To do => Each line of the listing below must be retyped exactly, with images left out.

BEGIN Data below

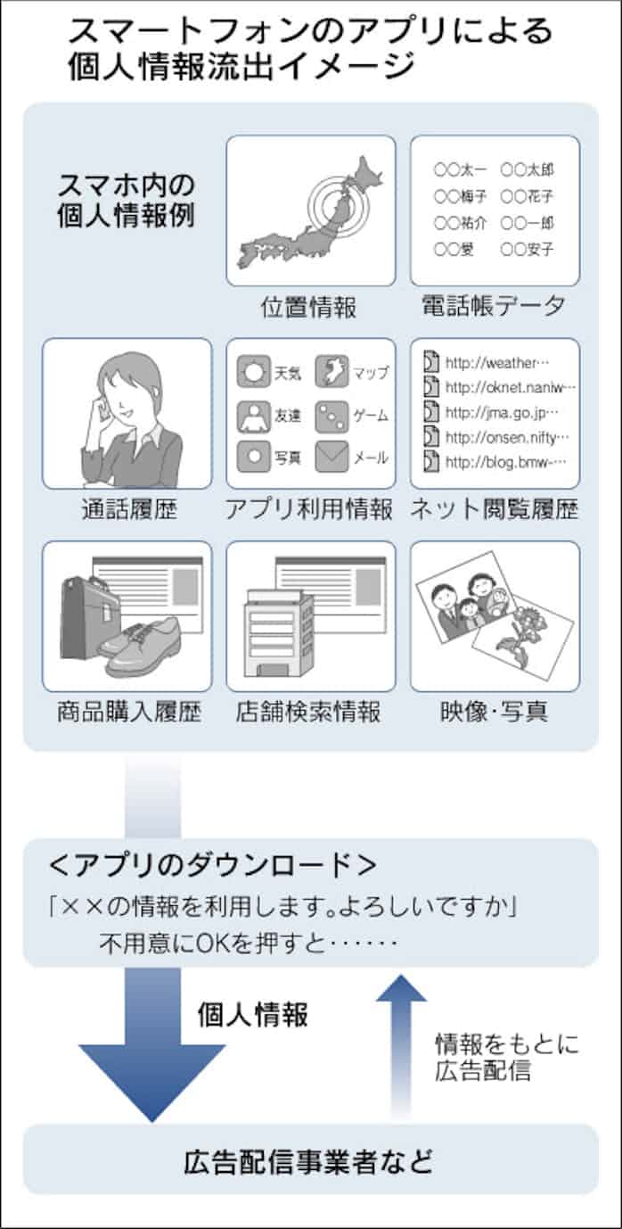 相次ぐスマホ個人情報流出 知らぬ間に位置情報も 日本経済新聞
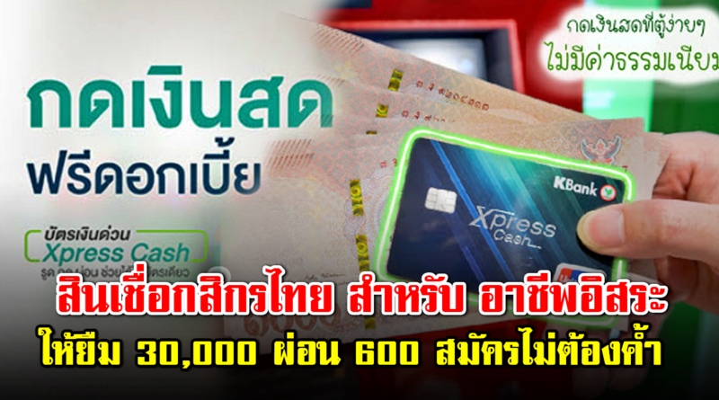 สินเชื่อสำหรับอาชีพอิสระ กสิกรไทย ให้ยืม 30,000 ผ่อนแค่ 600 ไม่ต้องค้ำ
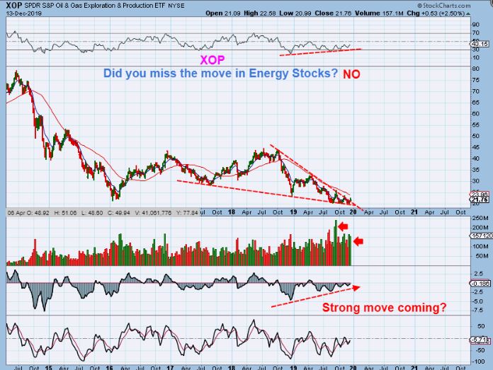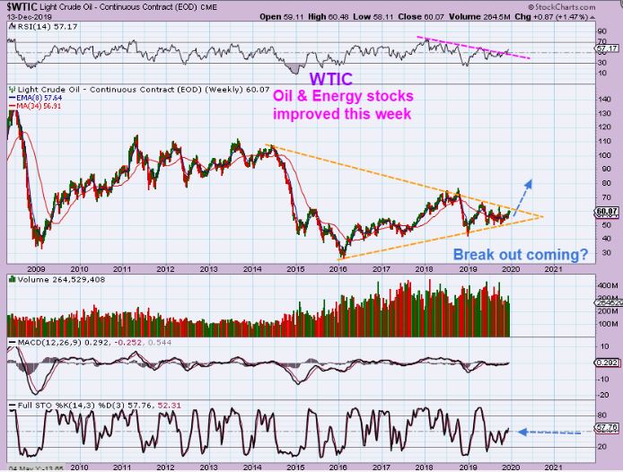 WTIC  – Oil has been choppy and sideways all year, but now as 2019 is ending, so might this chop. We are in the APEX of a triangle, and a break out can start a trend. Many Oil / Energy stocks also began running out of the lows – we discussed OAS, DNR, LPI, WLL, XOP, etc etc , even in my last report Friday.  They popped 10-20% for the week, but have we ‘missed the moves’ if you weren’t in yet??…
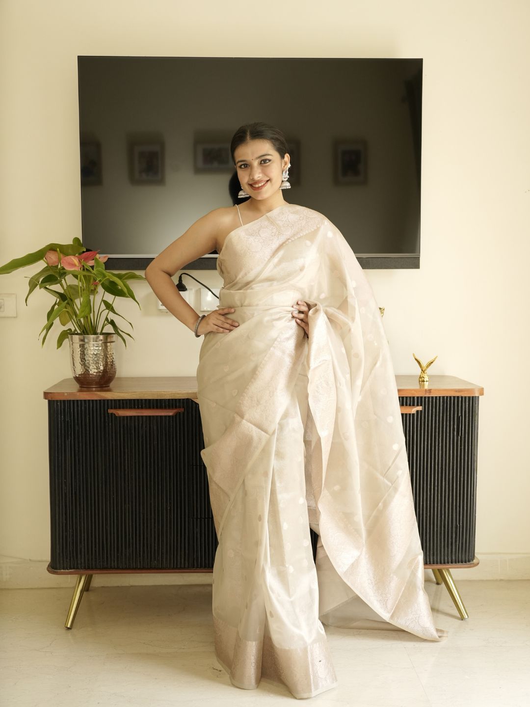 To ensure a sleek and polished look with this modern saree, choose a fitted, lightweight petticoat in a neutral tone of Ivory, which won’t distract from the saree’s vibrancy. The saree should be draped with crisp pleats at the waist, and the pallu should fall gracefully over the shoulder, with minimal pinning to allow the fabric to flow naturally. A form-fitting blouse, preferably with a modern cut like a halter or keyhole neckline, will keep the look streamlined and stylish.

END Data below

Solution =>
 相次ぐスマホ個人情報流出 知らぬ間に位置情報も 日本経済新聞
 สินเชื่อสำหรับอาชีพอิสระ กสิกรไทย ให้ยืม 30,000 ผ่อนแค่ 600 ไม่ต้องค้ำ
 WTIC  – Oil has been choppy and sideways all year, but now as 2019 is ending, so might this chop. We are in the APEX of a triangle, and a break out can start a trend. Many Oil / Energy stocks also began running out of the lows – we discussed OAS, DNR, LPI, WLL, XOP, etc etc , even in my last report Friday.  They popped 10-20% for the week, but have we ‘missed the moves’ if you weren’t in yet??…
 To ensure a sleek and polished look with this modern saree, choose a fitted, lightweight petticoat in a neutral tone of Ivory, which won’t distract from the saree’s vibrancy. The saree should be draped with crisp pleats at the waist, and the pallu should fall gracefully over the shoulder, with minimal pinning to allow the fabric to flow naturally. A form-fitting blouse, preferably with a modern cut like a halter or keyhole neckline, will keep the look streamlined and stylish.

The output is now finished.